To report the long-term efficacy of adjunctive lacosamide therapy in patients with juvenile myoclonic epilepsy whose generalized tonic-clonic seizures were significantly reduced by treatment.

Methods

A retrospective study was conducted in patients who visited the Department of Child Neurology, National Hospital Organization Nishiniigata Chuo Hospital and the Department of Pediatrics, National Hospital Organization Nagasaki Medical Center. Among patients who had been diagnosed with juvenile myoclonic epilepsy, those who received lacosamide as adjunctive therapy for refractory generalized tonic-clonic seizures for at least 2 years from January 2017 to December 2022, and who achieved seizure freedom or >50% seizure reduction in tonic-clonic seizures were included.
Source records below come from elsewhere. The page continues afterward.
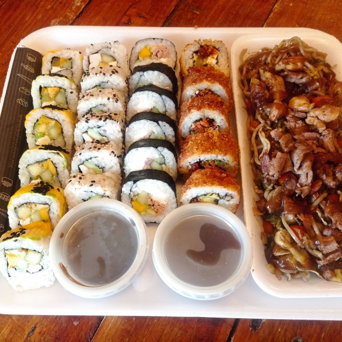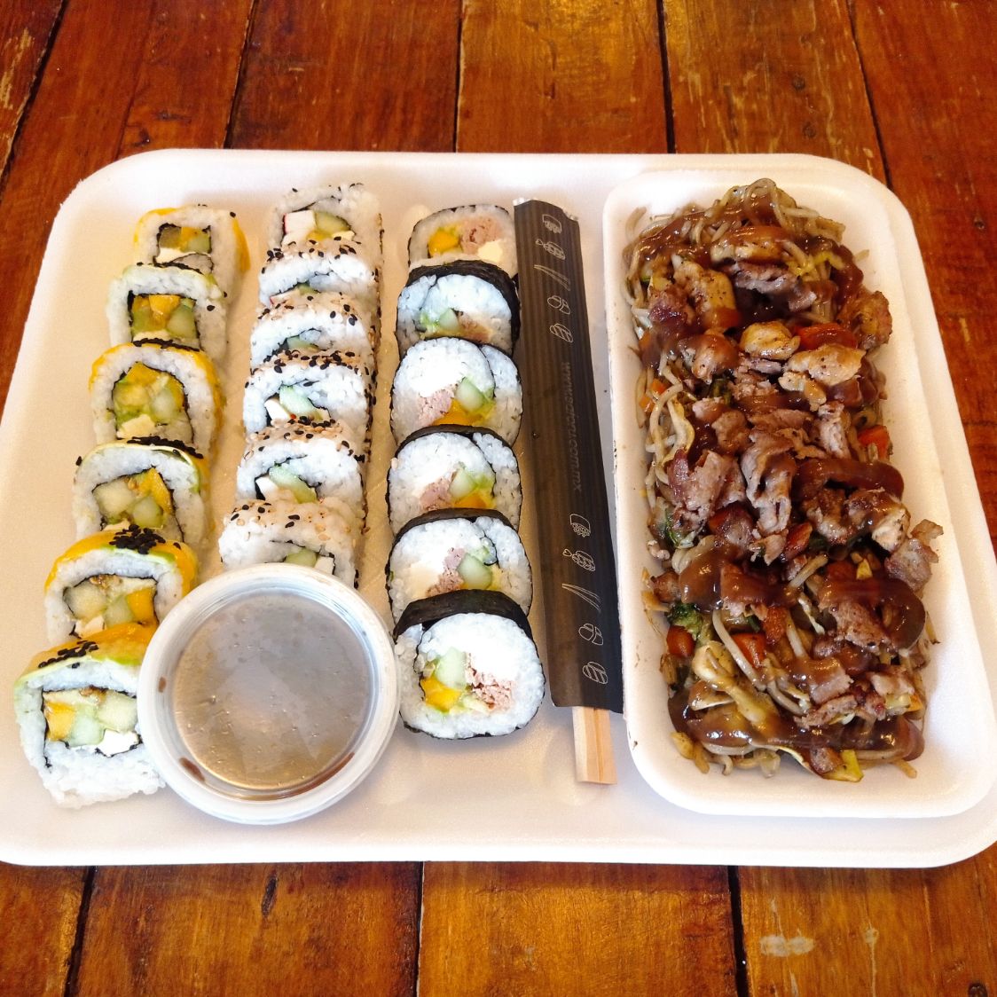 Fideo yakisoba: pollo / puerco o mixto*1 + 23 psz de sushi variado*1
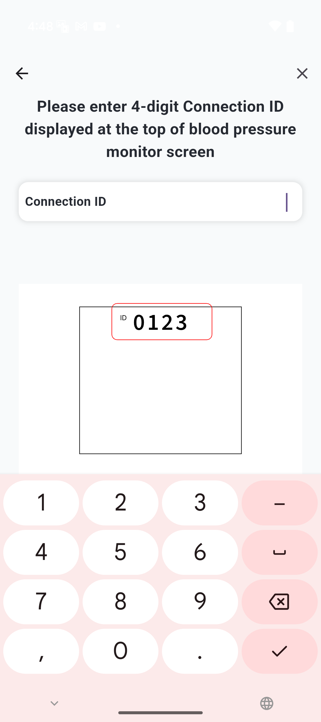 Enter the "Connection ID" displayed at the top of the blood pressure monitor screen and tap "Proceed".
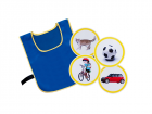 Жилеты снабжены текстильными застежками по бокам для регулирования по талии, а также спереди и сзади для крепления тематических картинок.
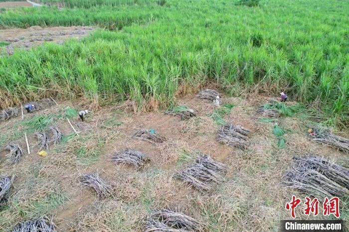 贵港市港北区大圩镇何村的甘蔗喜获丰收,村民抢抓农时砍运甘蔗。岑记华 摄

The medical records and neurophysiological data of the patients were reviewed retrospectively.

Results

Four patients met the inclusion criteria. The mean age at the onset of epilepsy was 11.3 years (range 10–12), and the mean age of starting lacosamide was 17.5 years (range 16–21). All patients received two or more antiseizure medications prior to lacosamide. Three of four patients had seizure freedom for more than 2 years, and the one remaining patient had >50% seizure reduction for more than one year. Only one patient had recurrent myoclonic seizures after starting lacosamide. The mean lacosamide dose at the last visit was 425 mg/day (range 300–600).

Conclusion

Adjunctive lacosamide therapy might be a treatment option for juvenile myoclonic epilepsy with generalized tonic-clonic seizures, which are not responsive to standard antiseizure medications.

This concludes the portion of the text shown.